À cela s'ajoute une perception sociale négative. Un récent sondage de Gallup a révélé que seulement 36 % des Américains approuvent la gestion de Trump, tandis que 74 % se déclarent insatisfaits de la situation du pays, principalement à cause de l'économie.

Sur les réseaux sociaux, les réactions au message présidentiel se sont concentrées sur l'impact direct sur les consommateurs.

Plusieurs utilisateurs ont rappelé que les tarifs fonctionnent comme un impôt indirect qui finit par être payé par la population.

Certains calculs cités dans les commentaires estiment un coût supplémentaire annuel compris entre 1 400 et 2 600 dollars par famille, tandis que d'autres ont comparé la politique commerciale à des épisodes historiques ratés tels que la loi Smoot-Hawley de la Grande Dépression (1929-1933).

Des analyses externes renforcent ces critiques. La Tax Foundation estime que les tarifs pourraient générer 158,4 milliards de dollars en 2025 et 207,5 milliards en 2026, des chiffres importants mais insuffisants pour couvrir des propositions comme l'envoi de chèques de 2 000 dollars à des millions d'Américains, une idée que Trump a de nouveau mise sur la table.

JPMorgan a également estimé que les consommateurs assument environ 20 % du coût réel des tarifs, ce qui contredit la narrative officielle selon laquelle l'impact incombe aux exportateurs étrangers.

Même au sein du Parti républicain, il y a des réserves. Des législateurs comme Ron Johnson et Andy Biggs ont averti que le déficit projeté, proche des deux trillions de dollars, limite la capacité de transformer les revenus douaniers en aide directe pour les familles.

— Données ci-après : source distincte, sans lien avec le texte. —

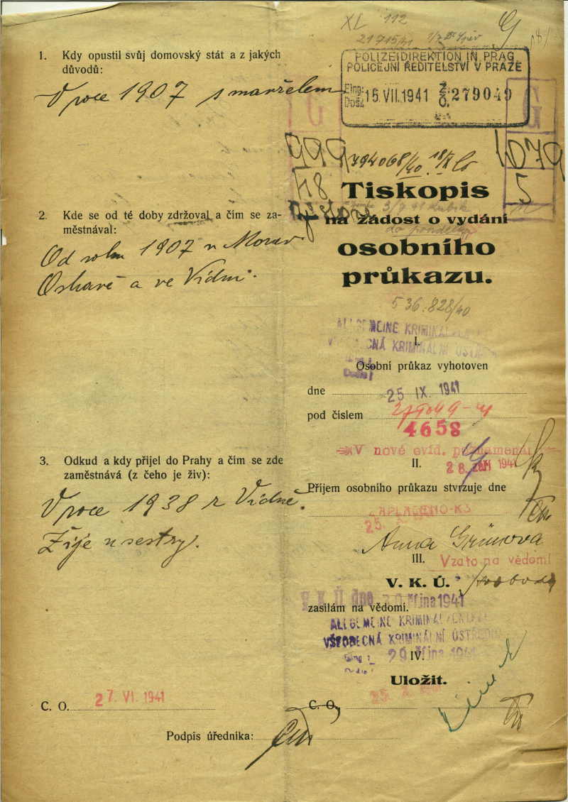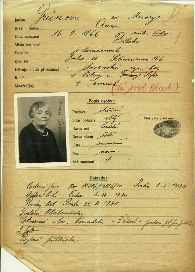 National archives Prague > Police Directorate Prague > 1941-1950 > G > Grünová Anna

D'autres, comme Rick Scott, proposent d'affecter ces fonds exclusivement au remboursement de la dette nationale, qui dépasse les 37 billions de dollars.

Alors que la Maison Blanche insiste sur le fait de présenter les tarifs douaniers comme un outil de prospérité et de force nationale, les chiffres de l'inflation, de l'approbation présidentielle et de la charge pour les consommateurs suggèrent un débat ouvert sur qui assume réellement le coût de cette politique et si ses avantages compensent l'impact sur les finances des Américains.